### What the exercise asks
Exact copy, no pictures: set down the lines from the one holding "This bingo card" through the final line of the records below.

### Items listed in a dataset

· · · · · · ·

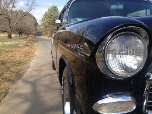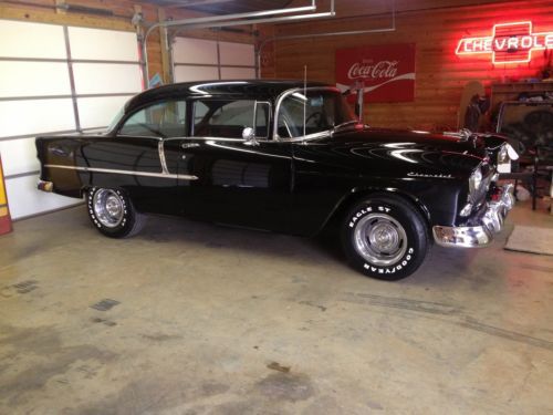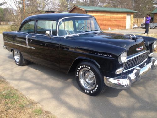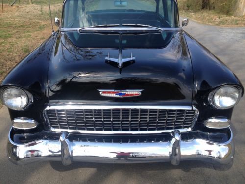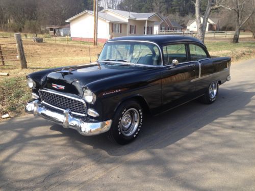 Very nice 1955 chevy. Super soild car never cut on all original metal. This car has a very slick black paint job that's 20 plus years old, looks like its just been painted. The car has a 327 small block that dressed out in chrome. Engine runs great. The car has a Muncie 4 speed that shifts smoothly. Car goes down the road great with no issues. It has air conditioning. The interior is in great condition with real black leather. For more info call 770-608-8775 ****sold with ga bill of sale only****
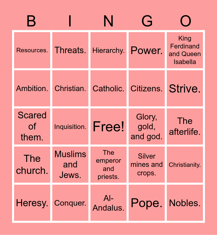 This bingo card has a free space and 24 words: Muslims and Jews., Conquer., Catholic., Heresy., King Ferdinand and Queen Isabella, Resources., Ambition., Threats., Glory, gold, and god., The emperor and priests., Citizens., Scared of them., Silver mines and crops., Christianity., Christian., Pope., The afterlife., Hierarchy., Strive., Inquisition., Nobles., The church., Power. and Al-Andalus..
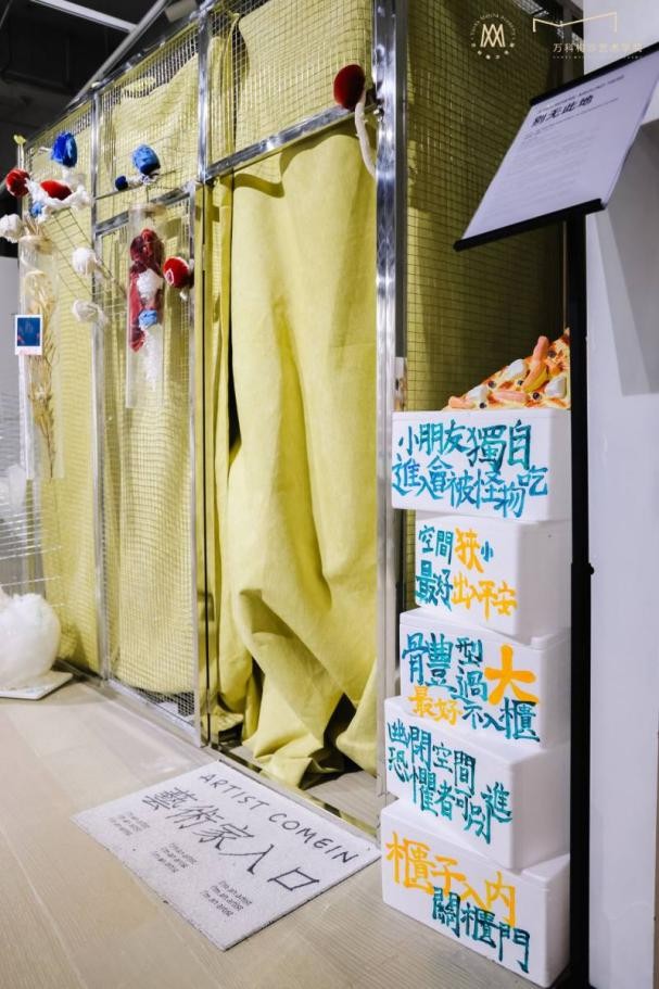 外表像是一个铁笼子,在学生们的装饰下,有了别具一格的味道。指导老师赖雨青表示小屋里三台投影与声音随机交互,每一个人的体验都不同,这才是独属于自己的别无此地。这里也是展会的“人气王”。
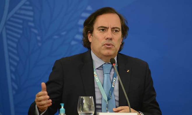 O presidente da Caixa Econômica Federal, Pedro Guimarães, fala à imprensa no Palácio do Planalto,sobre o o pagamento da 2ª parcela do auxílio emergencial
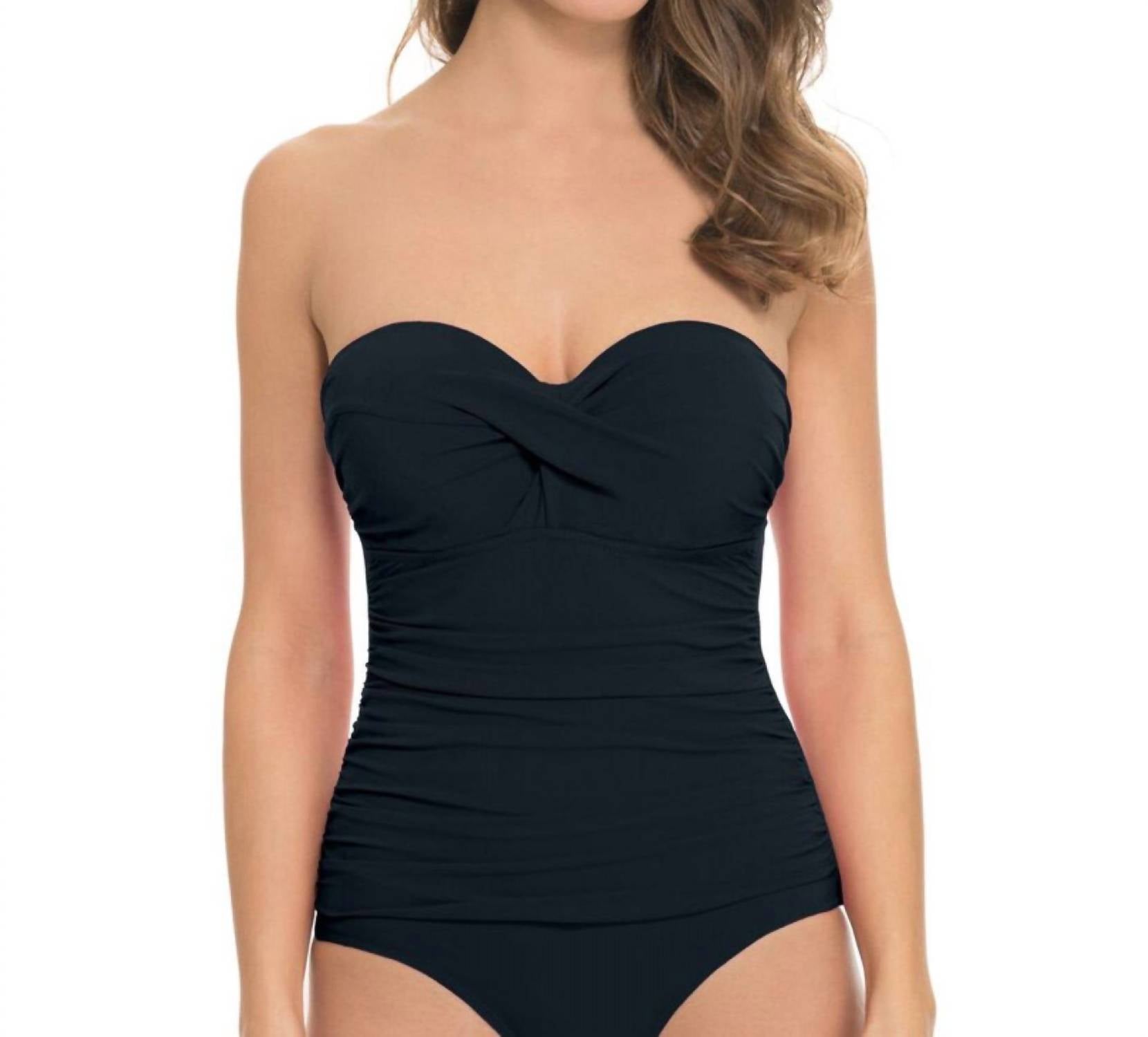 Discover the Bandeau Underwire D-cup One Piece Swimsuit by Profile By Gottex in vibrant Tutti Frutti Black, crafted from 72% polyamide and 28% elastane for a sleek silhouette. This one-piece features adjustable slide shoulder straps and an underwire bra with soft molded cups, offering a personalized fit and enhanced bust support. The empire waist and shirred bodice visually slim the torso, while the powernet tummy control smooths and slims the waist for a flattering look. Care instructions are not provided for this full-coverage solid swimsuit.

· · · · · · ·

### Completed exercise
 This bingo card has a free space and 24 words: Muslims and Jews., Conquer., Catholic., Heresy., King Ferdinand and Queen Isabella, Resources., Ambition., Threats., Glory, gold, and god., The emperor and priests., Citizens., Scared of them., Silver mines and crops., Christianity., Christian., Pope., The afterlife., Hierarchy., Strive., Inquisition., Nobles., The church., Power. and Al-Andalus..
 外表像是一个铁笼子,在学生们的装饰下,有了别具一格的味道。指导老师赖雨青表示小屋里三台投影与声音随机交互,每一个人的体验都不同,这才是独属于自己的别无此地。这里也是展会的“人气王”。
 O presidente da Caixa Econômica Federal, Pedro Guimarães, fala à imprensa no Palácio do Planalto,sobre o o pagamento da 2ª parcela do auxílio emergencial
 Discover the Bandeau Underwire D-cup One Piece Swimsuit by Profile By Gottex in vibrant Tutti Frutti Black, crafted from 72% polyamide and 28% elastane for a sleek silhouette. This one-piece features adjustable slide shoulder straps and an underwire bra with soft molded cups, offering a personalized fit and enhanced bust support. The empire waist and shirred bodice visually slim the torso, while the powernet tummy control smooths and slims the waist for a flattering look. Care instructions are not provided for this full-coverage solid swimsuit.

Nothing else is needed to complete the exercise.